> As Merigoux explained more fully on his blog, this project became possible because the French government open-sourced the code that they use to calculate residents’ taxes, which was written in a domain-specific language called M, but they didn’t release the compiler that would have been needed to actually run any code written in that language. MLang is a compiler for M code written by Merigoux, and it has two special features: it translates the tax calculation function to Python, and it enables formal verification of features of the tax calculation using an automatic theorem prover called Z3.
Sure, but the intended user for a lot of this stuff isn't the lawyer – it's the end-user who's glad to have an alternative to the lawyer! Like, owning a bicycle means I don't need to call a taxi for some trips. Not all trips, just the local ones, but that's a lot of my trips.
Free access to law, and software for filings like afterpattern.com, that's the boring stuff that lawyers don't want to do and I don't want to pay for, so win/win. And that's all part of the larger vision of computational law that Legalese wants to help realize. Thanks for the good wishes and I hope to deliver on the vision, we've been at it for five years and will probably be at it for another ten before we start seeing results percolating into the real world.

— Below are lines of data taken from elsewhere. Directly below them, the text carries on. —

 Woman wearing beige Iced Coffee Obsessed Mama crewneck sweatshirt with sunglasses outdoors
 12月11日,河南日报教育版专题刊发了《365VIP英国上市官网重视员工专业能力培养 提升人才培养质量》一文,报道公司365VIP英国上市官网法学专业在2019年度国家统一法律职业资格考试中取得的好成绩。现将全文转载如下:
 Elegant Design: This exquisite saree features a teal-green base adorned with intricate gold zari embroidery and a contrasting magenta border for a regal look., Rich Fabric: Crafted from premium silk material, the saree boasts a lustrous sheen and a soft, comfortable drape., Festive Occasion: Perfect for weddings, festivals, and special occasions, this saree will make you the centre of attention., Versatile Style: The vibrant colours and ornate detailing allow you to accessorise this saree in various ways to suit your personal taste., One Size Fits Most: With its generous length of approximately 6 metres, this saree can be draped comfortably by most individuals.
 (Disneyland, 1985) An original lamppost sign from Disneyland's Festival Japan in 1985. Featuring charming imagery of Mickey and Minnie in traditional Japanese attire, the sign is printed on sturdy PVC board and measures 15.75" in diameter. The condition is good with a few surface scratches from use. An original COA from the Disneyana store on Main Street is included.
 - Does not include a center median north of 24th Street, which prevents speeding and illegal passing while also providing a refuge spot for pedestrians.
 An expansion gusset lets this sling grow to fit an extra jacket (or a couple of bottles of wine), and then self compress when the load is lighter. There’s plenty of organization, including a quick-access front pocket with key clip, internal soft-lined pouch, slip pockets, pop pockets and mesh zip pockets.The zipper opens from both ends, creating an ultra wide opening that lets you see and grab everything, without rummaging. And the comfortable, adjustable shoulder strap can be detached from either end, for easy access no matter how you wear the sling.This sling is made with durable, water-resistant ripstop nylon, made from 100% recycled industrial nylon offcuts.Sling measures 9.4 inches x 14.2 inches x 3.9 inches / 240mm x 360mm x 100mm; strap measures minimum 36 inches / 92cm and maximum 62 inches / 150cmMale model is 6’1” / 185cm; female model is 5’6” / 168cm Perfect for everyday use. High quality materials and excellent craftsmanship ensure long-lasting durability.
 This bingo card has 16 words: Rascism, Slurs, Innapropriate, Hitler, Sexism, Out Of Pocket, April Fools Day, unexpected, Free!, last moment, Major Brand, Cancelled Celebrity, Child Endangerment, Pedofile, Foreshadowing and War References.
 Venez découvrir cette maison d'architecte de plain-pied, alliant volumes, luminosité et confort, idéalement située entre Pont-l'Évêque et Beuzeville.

> In 2008 I spent a month writing a web-based system for managing all YC's funding documents. With one click you could get an instance of the latest docs, prepopulated with all the startup's info from our database. The lawyers quietly ignored it and kept using Microsoft Word.
Others have said in the comments that doctors and lawyers are "the last, most powerful guilds" remaining. On the one hand, it's easy to call for "the end of lawyers". (The Legalese website says that sort of thing as a provocation, a way of staking a flag in the sand.) On the other, it's likely that society will always define a special role for the white-collar warrior, the champion of the courtroom; for high-stakes, once-in-a-lifetime situations, you want expert human hand-holding.

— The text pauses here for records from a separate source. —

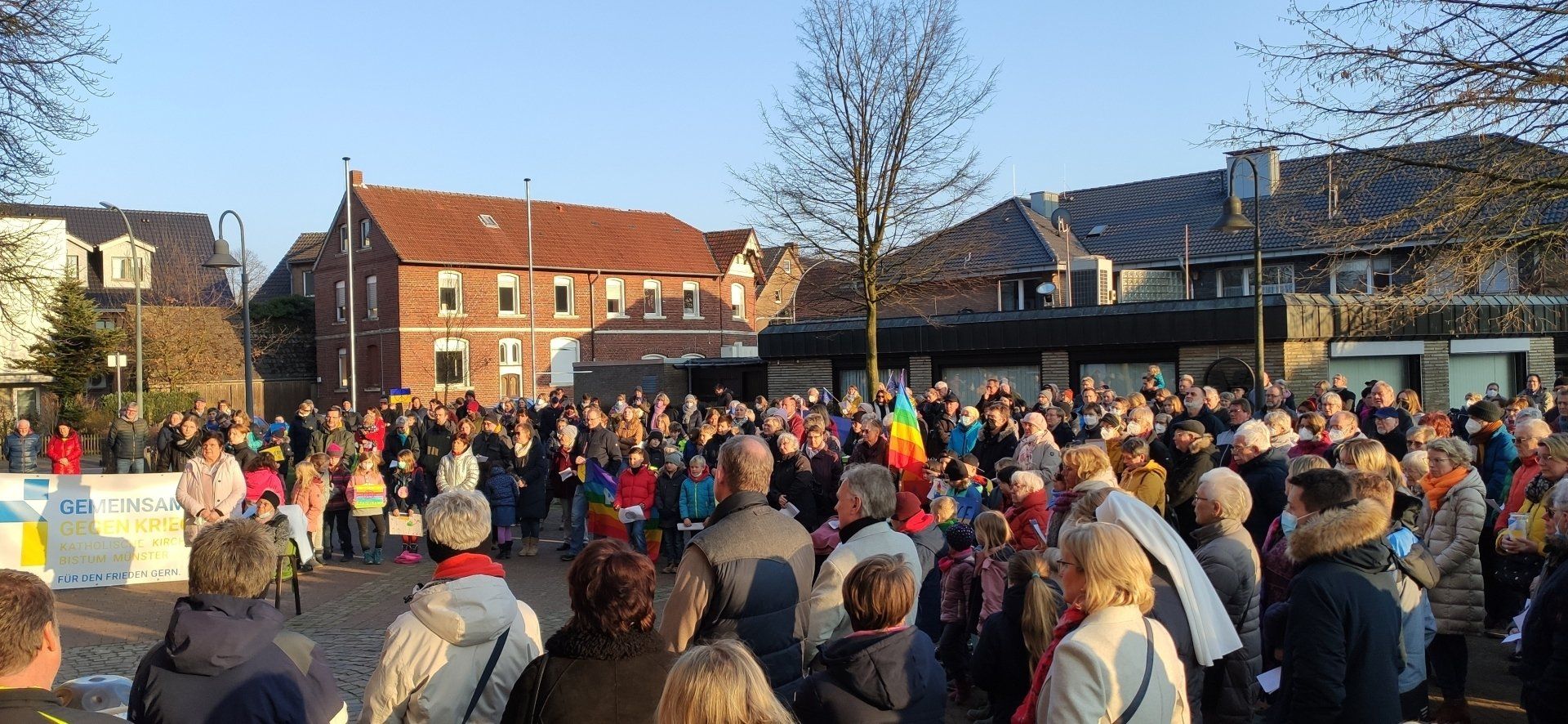 Mehr als 200 Menschen sind unserem Aufruf gefolgt, sich am Samstagnachmittag um 17 Uhr vor der Kirche St. Pankratius in Buldern zu einer Friedenskundgebung zu versammeln. Unter ihnen waren viele Familien mit Kindern. Eine Gruppe von Mädchen hat Muffins und andere Läckerein zum Verkauf angeboten, um mit dem Erlös eine Spendenaktion unterstützen zu können. EIne Familie hatte Kerzen mit der Aufschrift "Friedenslicht" dabei, die gegen eine Spende mitgenommen werden konnten.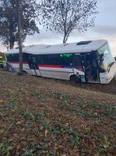 HASIČI ŽĎÁR NAD SÁZAVOU: Jámy - Pod autobusem se utrhla krajnice a převrátil se na strom. Při nehodě došlo k jednomu.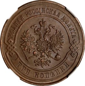 This specimen was lot 75296 in Stack's Bowers Collector's Choice sale (Costa Mesa, CA, February 2022), where it sold for $456. The catalog description[1] noted, "RUSSIA. 3 Kopeks, 1868-EM. Ekaterinburg Mint. Alexander II. NGC MS-62 Brown. Well impressed and charming, this minor is sure to turn some heads with the desirous chocolate brown color." This type was struck 1867-76 and is one of the last issues of the Ekaterinburg mint. The denomination was reduced in weight to 9.83 g in 1867 and struck in that form until the end of the regime.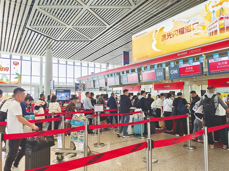 旅客在海口美兰国际机场办理乘机手续。海南日报全媒体记者 邓海宁摄

In books like https://www.amazon.com/Future-Professions-Technology-Transfo... Richard Susskind offers a more nuanced middle ground. Look at medicine: together, the Apple Watch, WebMD, DirectLabs, home glucose monitors, and home blood pressure monitors (let us never miss an opportunity to say "sphygmomanometer") allow millions of people to do for themselves what they used to need a doctor for. In turn, that lets doctors focus on more high-value work.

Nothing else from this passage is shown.